Старичекъ съ кокардой улыбнулся и заговорилъ что-то по французски.
— Глаша! Что онъ говоритъ? спросилъ Николай Ивановичъ жену.
— Да говоритъ тоже, что и я говорила. Нѣтъ здѣсь буфета.
— Да ты можетъ быть врешь. Можетъ быть онъ что-нибудь другое говоритъ?
— Фу, какой недовѣрчивый! Тогда иди и ищи буфетъ.
— Однако, ужъ это совсѣмъ глупо, что гулянье устраиваютъ, а o буфетѣ не хотятъ позаботиться. Это ужъ даже и на заграницу не похоже.
— Да вотъ пойдемъ мимо дома на сваяхъ, такъ тамъ буфетъ есть, — сказала Глафира Семеновна.
— На сваи? воскликнулъ Конуринъ. — Нѣтъ-съ, слуга покорный! Это чтобы опять полтораста четвертаковъ въ лошадки просадить? — вяземскими пряниками меня туда не заманишь. И такъ ужъ я въ этихъ вертепахъ, почитай, бочку кенигскаго рафинаду проухалъ.
— То есть какъ это рафинаду?
— Да такъ. Акуратъ такую сумму оставилъ, что бочка сахару-рафинаду въ покупкѣ себѣ въ лавку стоитъ.
— Ахъ, вотъ что, проговорила Глафира Семеновна. — Ну, что-жъ изъ этого? Въ одинъ день проигрываешь, въ другой день выигрываешь. Вчера несчастье, а сегодня счастье. Этакъ ежели бастовать при первой неудачѣ, такъ всегда въ проигрышѣ будешь. Не знаю, какъ вы, а мнѣ такъ очень хочется попробовать отыграться.
— Глаша! Не смѣй! И думать не смѣй! закричалъ на нее Николай Ивановичъ.
— Пожалуйста, пожалуйста, не возвышай голосъ. Не испугаюсь! остановила его Глафира Семеловна.

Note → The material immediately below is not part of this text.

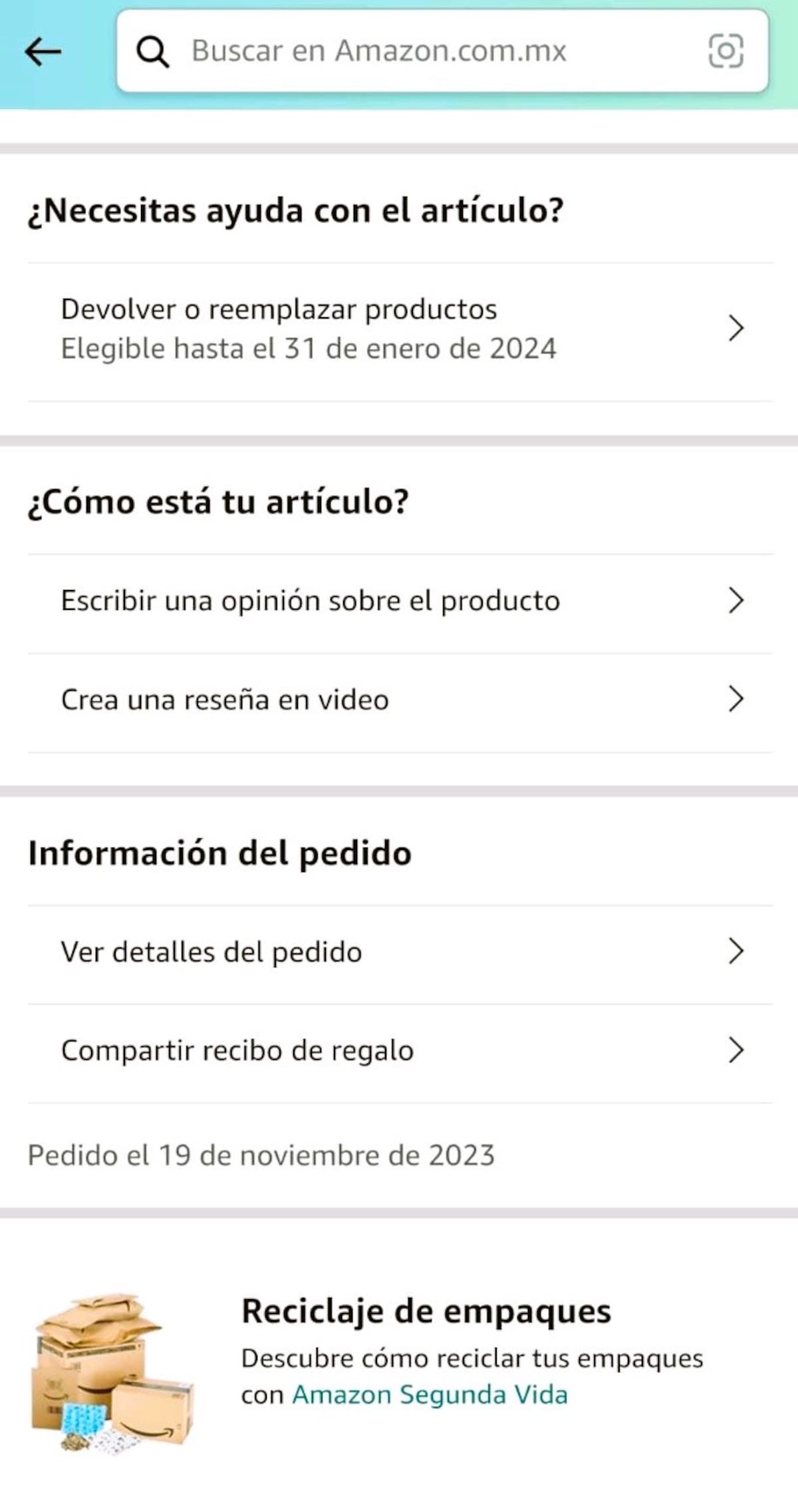 Ver detalles del pedido: Una vez seleccionado el artículo, el usuario debe dirigirse a la sección de “Mis pedidos” o “Detalles del pedido” para obtener más información sobre la transacción.
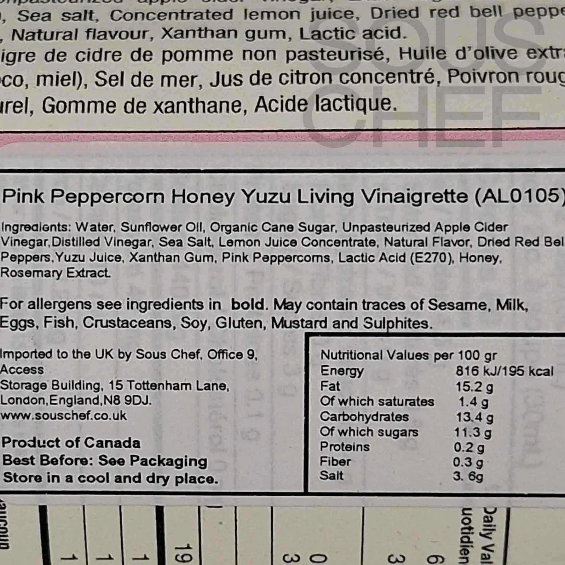 Product formulations and details may change. For the latest ingredients and allergen information always check product packaging prior to consumption. Ingredients: Water, mid oleic sunflower oil, sugars (organic cane sugar, honey), unpasteurized apple cider vinegar, vinegar, sea salt, concentrated lemon juice, natural flavour, dried red bell peppers, yuzu juice, xanthan gum, pink peppercorns, lactic acid, rosemary extract.

— Да я не позволю тебѣ играть! Что это такое въ самомъ дѣлѣ! Вчера двѣсти франковъ проухала, сама говоришь, что здѣсь все основано на мошенничествѣ, и вдругъ опять играть.
— Вовсе даже и не двѣсти франковъ, а всего сто двадцать съ чѣмъ-то. Ты забываешь, что я утромъ на сваяхъ выиграла. За то теперь ужъ будемъ глядѣть въ оба. Я буду играть, а ты стой около меня и гляди.
— Да не желаю я совсѣмъ, чтобы ты играла! Провались они эти проигранные двѣсти франковъ!
— Какъ? Ты хочешь, чтобы я даже и въ Монте-Карло не попробовала своего счастія? Зачѣмъ-же тогда было ѣхать въ Ниццу! Ты слышалъ, что вчера Капитонъ Васильичъ сказалъ? Онъ сказалъ, что изъ-за Монте-Карло-то сюда въ Ниццу всѣ аристократы и ѣздятъ, потому тамъ въ рулетку, ежели только счастіе придетъ, въ полчаса можно даже и всю поѣздку свою окупить. Въ лошадки и поѣзда не выиграла, такъ можетъ быть въ рулетку выиграю. Нѣтъ, ужъ ты какъ хочешь, а я въ Монте-Карло хоть на золотой, да рискну.
— Ну, это мы еще посмотримъ!
— А мы поглядимъ. Не позволишь мнѣ испытать своего счастья въ рулетку, такъ послѣ этого нѣтъ тебѣ переводчицы! — погрозилась Глафира Семеновна. — Не стану я тебѣ ничего и переводить по-русски, что говорятъ французы, не стану говорить по французски. Понимай и говори самъ, какъ знаешь. Вотъ тебѣ за насиліе!